Elder recommends small, consistent risk per trade. Many traders use 1% as a starting point, but suitability depends on your strategy’s expectancy and your tolerance for drawdown. Calculate how many consecutive losses your account can survive and choose risk that keeps that number reasonable.
Q: How often should I review my diary?
Weekly tactical reviews and monthly strategic reviews are a good baseline. After major deviations or drawdowns, conduct an immediate focused review.
17. Ten Practical Rules Summarized
- Always use a stop; define it before entry.
- Risk a small, fixed percent of equity per trade.
- Align short-term trades with longer-term trends (use multiple timeframes).
- Keep a trading diary and review it regularly.
- Backtest before risking real capital on a new method.
- Place trades only when multiple confirmations exist.
- Don’t add to losers; consider adding to winners under strict rules.
- Control emotions—create rituals to prevent impulsive action.
- Measure and manage portfolio-level risk and correlations.
- Treat trading like a business: plan, record, review, improve.
18. Example: A Simple Triple Screen Setup (Applied)
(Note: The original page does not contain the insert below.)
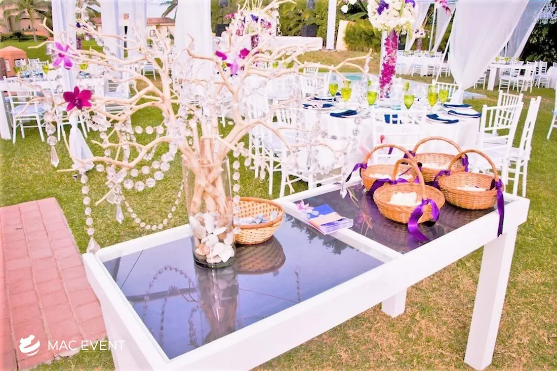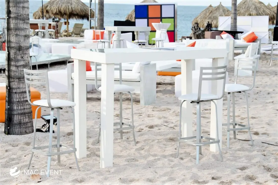 The wooden glass cocktail table combines natural beauty with modern elegance, making it a stylish choice for weddings, parties, and corporate events in Manzanillo. Its wooden base adds warmth and character, while the glass top gives a sleek, refined finish that complements any décor. This event table rental works perfectly for cocktail hours, lounge areas, or receptions where you want to create a polished yet inviting atmosphere. Renting wooden glass cocktail tables in Manzanillo ensures a cohesive setup that blends sophistication with comfort. For an event that stands out with style and balance, this table is an ideal addition.

This is a compact example you can implement for stocks or futures:
- Long-term (screen 1): daily 50-EMA above 200-EMA = bullish regime.
- Intermediate (screen 2): 4-hour MACD showing a pullback (MACD histogram negative within an uptrend) — seek a corrective opportunity.
- Short-term (screen 3): 15-minute chart: wait for MACD crossover to the upside or a bullish engulfing candle at support; confirm volume with a Force Index uptick.
- Entry: when short-term confirms, enter with stop below recent swing low.
- Target: previous swing high or a multiple of risk (e.g., 2× risk) — trail stop as price advances.
19. How to Convert This Gist into a 30/60/90 Day Plan
- Days 1–30: Read the book carefully, extract rules, write a one-page plan, and paper trade the Triple Screen setup for at least 30 trades.
- Days 31–60: Begin trading small live positions (1–5% of typical size), keep a diary, and perform weekly reviews. Refine your stop and target rules from real feedback.
- Days 61–90: Increase size modestly only if your recorded expectancy is positive and drawdowns align with your plan. Implement monthly performance summaries and adjust the plan based on data.
20. Final Takeaways — What to Remember
Alexander Elder’s The New Trading for a Living is a practical handbook that treats trading as a craft requiring psychological mastery, a coherent method, and disciplined money management. Read it with a notebook, extract the rules you can test, and convert your best ideas into a written plan and moving routines. The difference between hobbyist and professional traders is simple: professionals plan, measure, and control risk. If you adopt Elder’s triad — Mind, Method, Money — and rigorously apply it, you improve your odds of long-term success.